By June 2004, The Killer’s debut album Hot Fuss was in stores, propelled by the strength of this pair of massive hit singles. In time, the album would go on to sell over seven million copies worldwide and it earned five Grammy nominations. It helped bring awareness to a larger movement that was occurring in indie rock at the time, despite their more polished approach.
“I think we were possibly following in the footsteps of The Strokes and Interpol, but in a more accessible, a little more obviously poppy way. We were definitely influenced by those bands that were happening at that time in the early 2000s,” Stoermer reveals. “There was almost this revival of indie rock and rock & roll in general after a lull of bands in the mid to late 90s. I think things like The Strokes and Interpol gave us hope for something like us to possibly get signed around that time, and also had an influence too even on the music.”

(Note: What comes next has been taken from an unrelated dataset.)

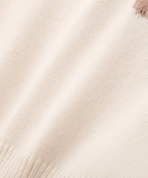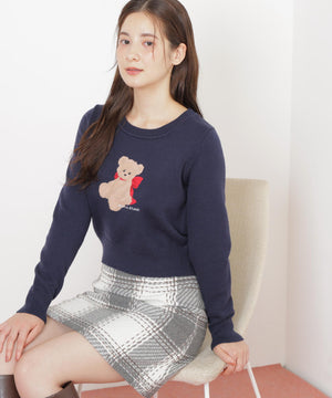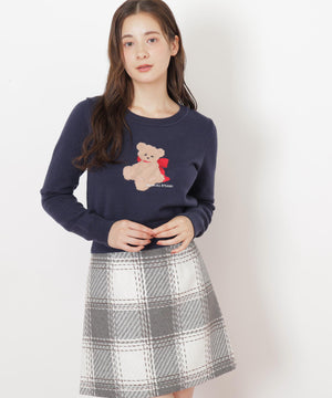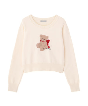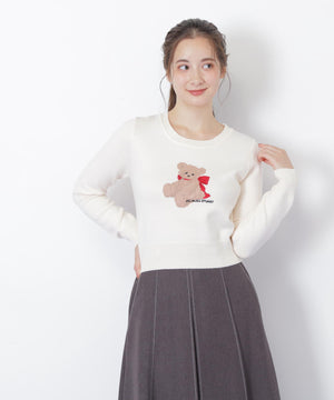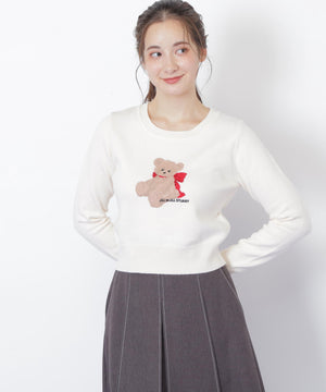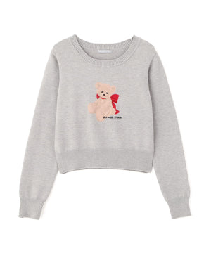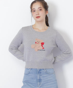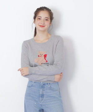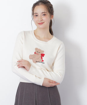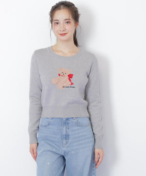 JILL by JILL STUARTオリジナルのベアがキャッチーなニットトップス。暖かみのある糸を使用して、くまモチーフをインターシャ編みで表現したデザインです。くまやリボンの陰影を出すために複数の糸を組み合わせた特別感のある1枚。コンパクトなサイズ感ですっきりと着用いただけます。※撮影時照明の関係により、色味が違って見える場合がございます。

“We were eating McDonalds, staying in Motel 6s. We weren’t sleeping on floors, but we were a family unit. Brandon being Mormon was very big on family dinners and things like that. We did everything together; we were together 24 hours a day, all of us,” says Pardey of his early days touring with the band. “By the time we got to San Diego, everyone was there for the Killers. They brought out the large choir at Coachella and after that performance, that’s when things started to really change.”
Ironically enough, frontman Brandon Flowers once stated that his favorite lyric on the entirety of Hot Fuss is “these changes ain’t changing me” on “All These Things That I’ve Done.”
“In general, we’re all the same people, I guess. You can’t deny that it’s changed us in some ways, but in a way that you can’t help for it to change you. Just through the experiences; and, everybody changes over ten years,” says Stoermer. “Other than that, I think we’re not that different than we were then. I don’t know how it works with other bands but no one has turned into a completely different person, I don’t think.”
And that sentiment is what makes The Killers’ surprise appearance at Life is Beautiful so “on-brand,” if you will. Just as they did their unpaid, word-of-mouth show at the Icehouse after just signing with one of the biggest record labels in the world, they showed up at Life is Beautiful to support their frontman’s solo performance for their city. It’s hardly surprising given what we know about this band, any one of them whom you might run into at various local spots on any given weekend.
“It kind of felt like for a second that we were the hometown heroes and in an organic, genuine kind of way,” Mark says humbly, almost not recognizing that that is exactly what they are.